=== Begin Enclosure ===
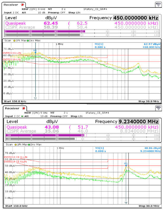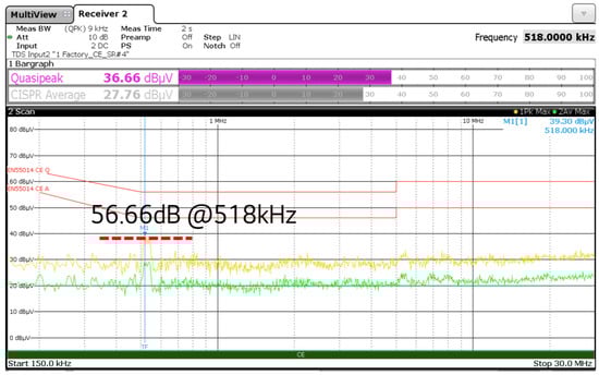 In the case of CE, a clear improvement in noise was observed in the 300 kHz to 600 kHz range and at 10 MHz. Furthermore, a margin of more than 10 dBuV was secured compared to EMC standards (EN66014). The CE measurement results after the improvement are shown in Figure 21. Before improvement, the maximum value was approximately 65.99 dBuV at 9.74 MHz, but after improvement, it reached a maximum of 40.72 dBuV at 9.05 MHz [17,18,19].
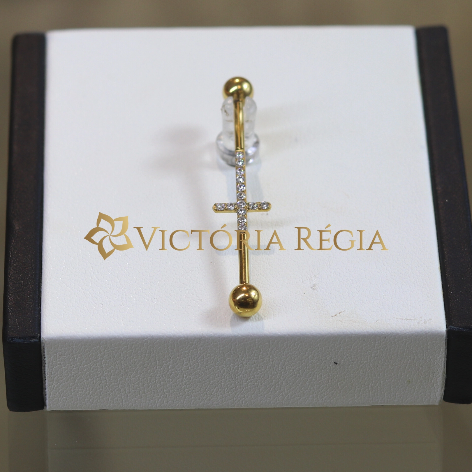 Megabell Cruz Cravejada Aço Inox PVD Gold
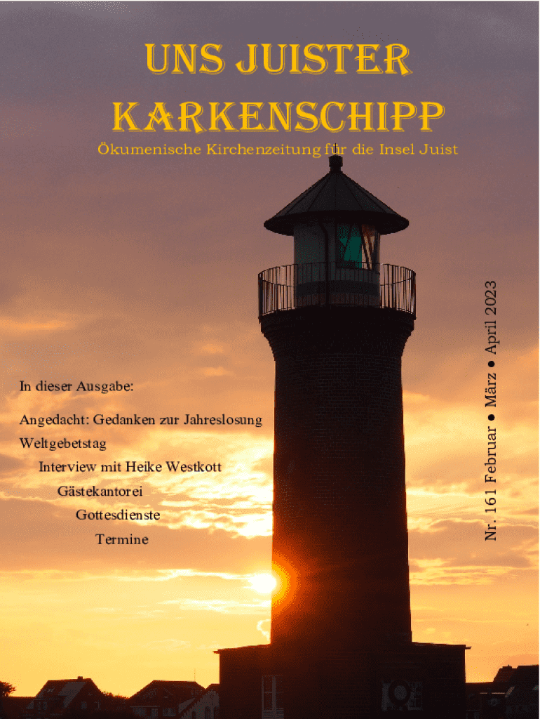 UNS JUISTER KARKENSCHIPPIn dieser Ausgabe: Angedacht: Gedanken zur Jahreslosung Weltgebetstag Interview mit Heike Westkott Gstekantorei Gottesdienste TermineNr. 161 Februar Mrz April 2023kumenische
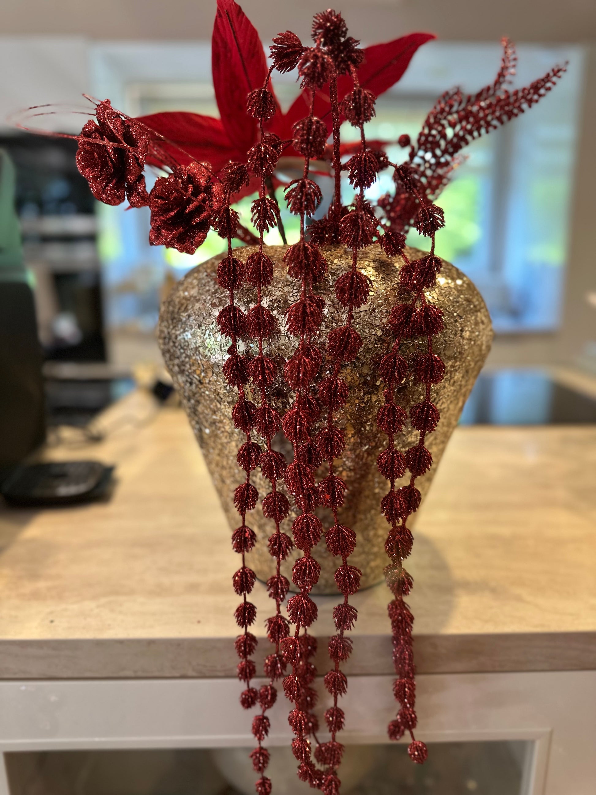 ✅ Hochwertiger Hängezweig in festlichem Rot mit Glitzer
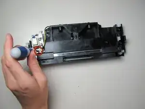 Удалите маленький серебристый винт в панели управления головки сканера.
=== End Enclosure ===
• **What you have to do**
Set down exactly and only the lines from the start of the entries above through the line containing "Rot mit Glitzer", both ends included, omitting the pictures.

• **Worked solution**
 In the case of CE, a clear improvement in noise was observed in the 300 kHz to 600 kHz range and at 10 MHz. Furthermore, a margin of more than 10 dBuV was secured compared to EMC standards (EN66014). The CE measurement results after the improvement are shown in Figure 21. Before improvement, the maximum value was approximately 65.99 dBuV at 9.74 MHz, but after improvement, it reached a maximum of 40.72 dBuV at 9.05 MHz [17,18,19].
 Megabell Cruz Cravejada Aço Inox PVD Gold
 UNS JUISTER KARKENSCHIPPIn dieser Ausgabe: Angedacht: Gedanken zur Jahreslosung Weltgebetstag Interview mit Heike Westkott Gstekantorei Gottesdienste TermineNr. 161 Februar Mrz April 2023kumenische
 ✅ Hochwertiger Hängezweig in festlichem Rot mit Glitzer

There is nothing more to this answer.